→ **WORK ORDER**
Please repeat word for word the line containing "This is a transparent" and every following line up to and including the last one below, pictures excluded.

→ **RECORDED DATA**
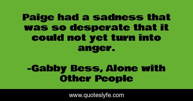 This page presents the quote "Paige had a sadness that was so desperate that it could not yet turn into anger.". Author of this quote is Gabby Bess, Alone with Other People. .
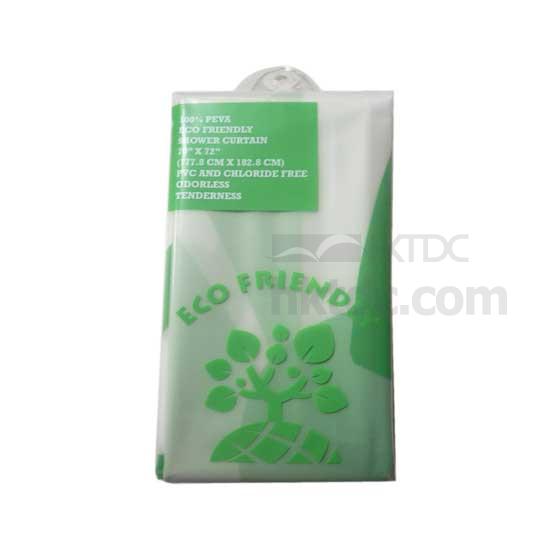 This is a transparent shower curtain with green-colored patterns. Made of PEVA, this shower curtain is an eco-friendly choice. This high quality shower curtain is also easy to install.
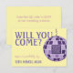 This modern “Will You Come?” wedding RSVP card blends soft mauve and pastel purple tones with a playful purple disco ball motif, creating a chic spring-ready design with a contemporary edge. Featuring a built-in QR code area for easy digital responses, this card is perfect for couples hosting a modern, retro, stylish, or fashion-forward and futuristic celebration.
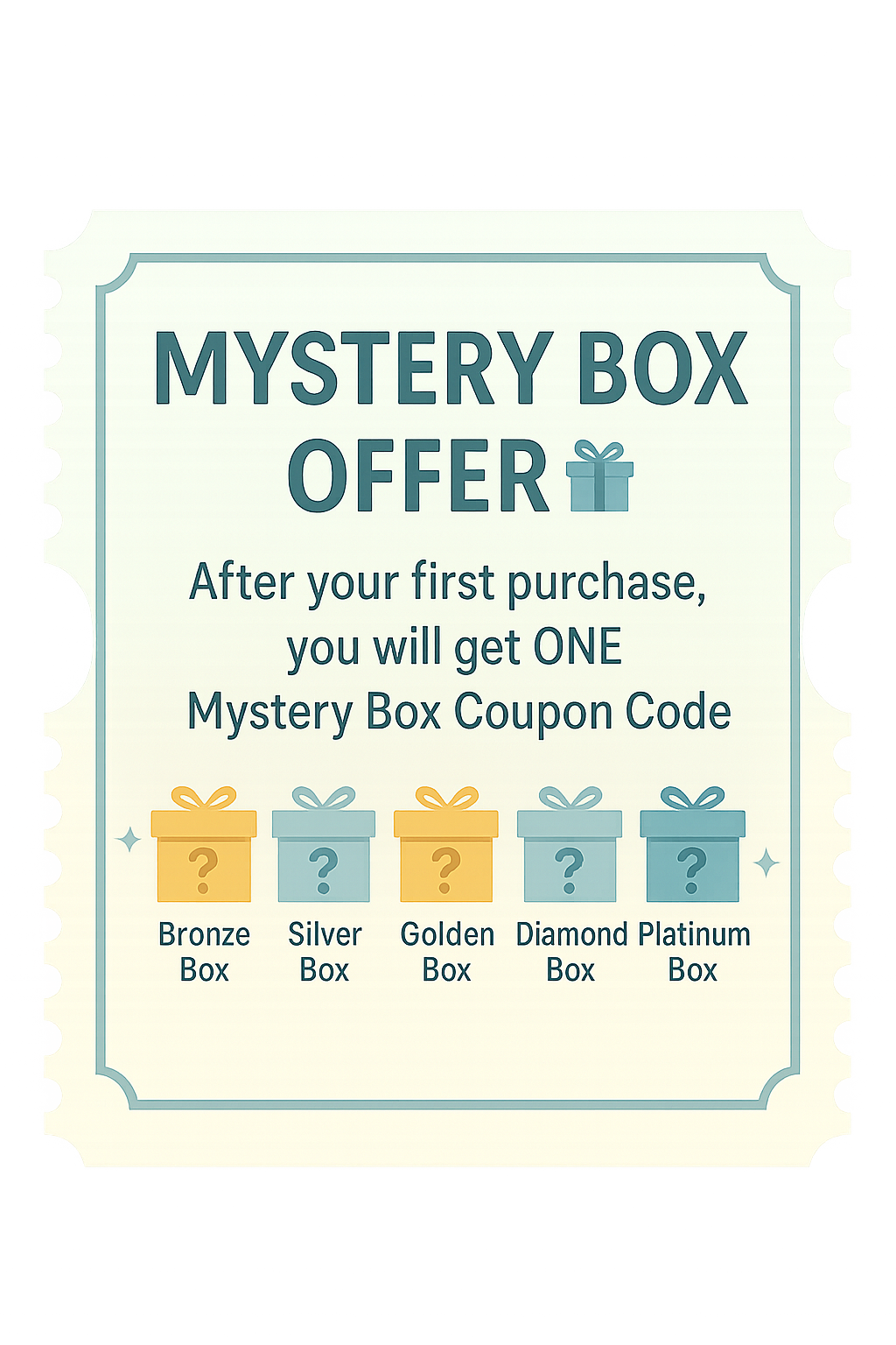 After your first order, unlock a Mystery Box Coupon for your second purchase.

→ **ANSWER BOX**
 This is a transparent shower curtain with green-colored patterns. Made of PEVA, this shower curtain is an eco-friendly choice. This high quality shower curtain is also easy to install.
 This modern “Will You Come?” wedding RSVP card blends soft mauve and pastel purple tones with a playful purple disco ball motif, creating a chic spring-ready design with a contemporary edge. Featuring a built-in QR code area for easy digital responses, this card is perfect for couples hosting a modern, retro, stylish, or fashion-forward and futuristic celebration.
 After your first order, unlock a Mystery Box Coupon for your second purchase.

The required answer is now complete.